NOTE: This functions is a member of the "class mscore".

c) include the following source code part into mrefine.cpp code, bool mrefine::refine() function, around the 347th line.
<-- from here
/*
 * 6. new mrefine derived classes here
 */

//PTMTreeSearch stuff begin
	iRound = 7;
	m_pProcess->set_round(iRound); // round 6
	strKey = "refine, PTMTreeSearch";
	m_pProcess->m_xmlValues.get(strKey,strValue);
	if(strValue == "yes")	{
		PTMTreeSearch *m_pPTMTreeSearch; //  the object that is used to process PTMTreeSearch
		m_pProcess->m_bSaps = false;
		m_pPTMTreeSearch = PTMTreeSearchmanager::create_PTMTreeSearch(m_pProcess->m_xmlValues);
		if (m_pPTMTreeSearch == NULL) {
			cout << "Failed to create PTMTreeSearch\n";
			return false;
		}
		m_pPTMTreeSearch->set_mprocess(m_pProcess);
		m_pPTMTreeSearch->refine();
	}

//PTMTreeSearch stuff end

<-- till here

d) in the mprocess.h file change the variable visibility from 'protected' -> 'public' around line: 355
(So, the variables beginning with 	
	string m_strLastMods;
	int m_iCurrentRound;
	bool m_bPermute;
	bool m_bPermuteHigh;
	bool m_bCrcCheck;
	... end so on...
should be publid)

e) in the mdomains.h file please define the variable '	double m_fPval;' in the class maa and add
		m_fPval = rhs.m_fPval; to the 	'maa& operator=(const maa &rhs)' function (before the 'return' command)

f) in the mscore.h change the variable visibility from 'protected' -> 'public' around the line 388 
(before 	'float m_fErr; // error for the fragment ions' so that the variable M_fErr would be public)


5.
compile the project.


PTMTreeSearch is implemented as a pluggable scoring function.

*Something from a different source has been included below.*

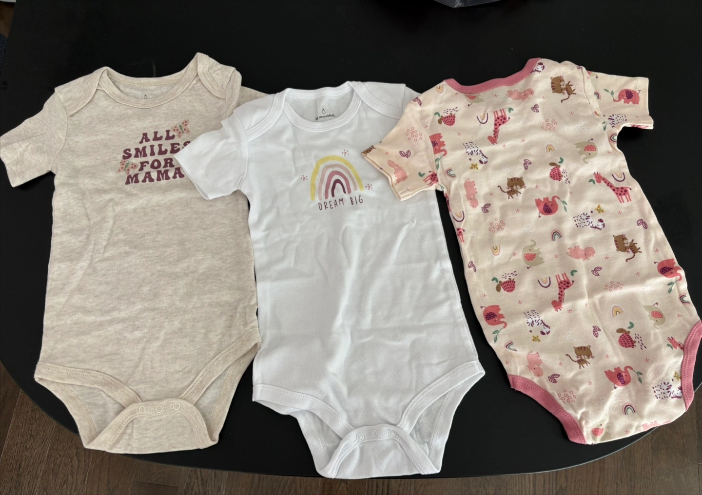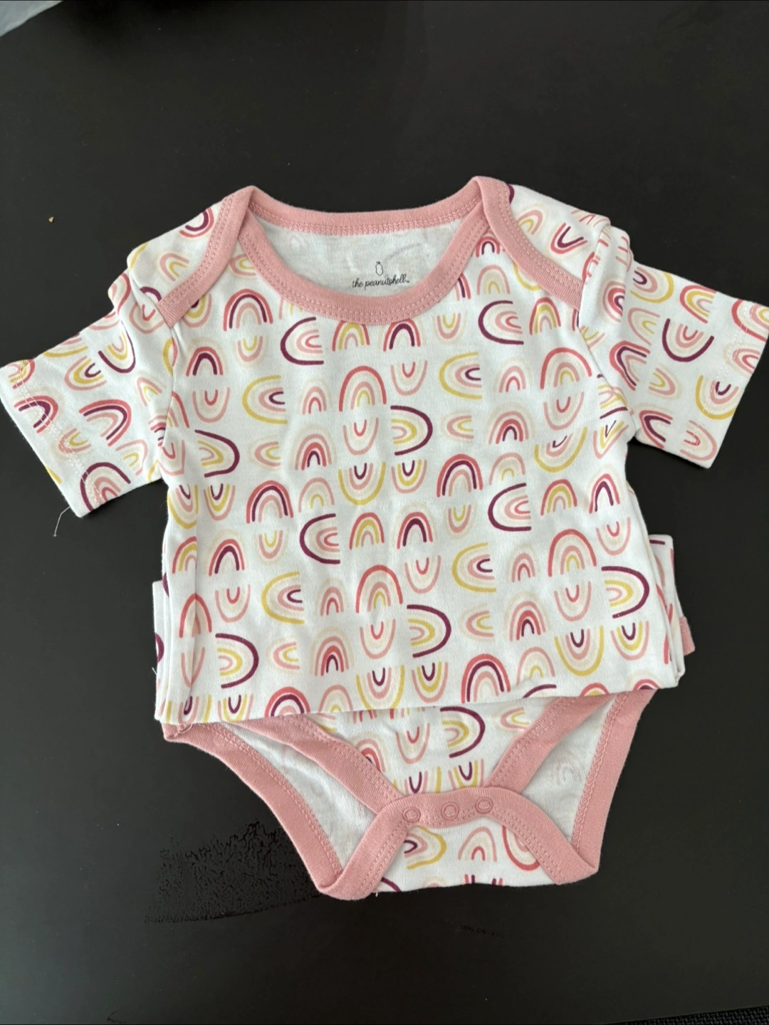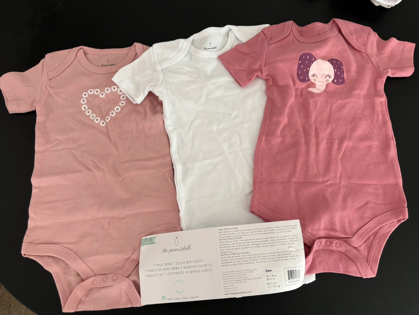 Selling a set of 6 adorable baby bodysuits from The PeanutShell! These are size 24M and new. For price comparison: https://www.amazon.ca/Peanutshell-Bodysuits-Sleeve-Newborn-Rainbow/dp/B0CN442WX5

In order to use the PTMTreeSearch

include the following line to the input.xml file.
<note label="scoring, algorithm" type="input">ptmtreesearch-score</note>


IV.  INCLUDE PTMTreeSearch TO X!!TANDEM (parallel version with MPI)
==========================================================
1.
download X!!Tandem source codes from:
ftp://maguro.cs.yale.edu/Projects/Tandem
you will need installed MPI and boosts packages as well

2.
copy PTMTreeSearch files into X!Tandem source codes.


3.
Same as section III/4

4.
compile the project.


PTMTreeSearch is implemented as a pluggable scoring function. In order to use the PTMTreeSearch
include the following line to the input.xml file.
<note label="scoring, algorithm" type="input">PTMTreeSearch-score</note>


V.   READY TO USE SOURCE CODES OF X!TANDEM (and X!!TANDEM) with PTMSEACH
========================================================================
the XTandem_PTMTreeSearch_src.zip contains the PTMTreeSearch source codes that are already incorporated to the X!!Tandem
After unzipping it is ready for 'make'.


NOTE:
1. PTMTreeSearch has been tested and compiled under linux operating system.
2. You might need to download protein sequence fasta files. 
3. X!Tandem prints the identified protein id's to the standard output. This can be avoid by commenting out the 283 and 284 lines in the mreport.cpp file.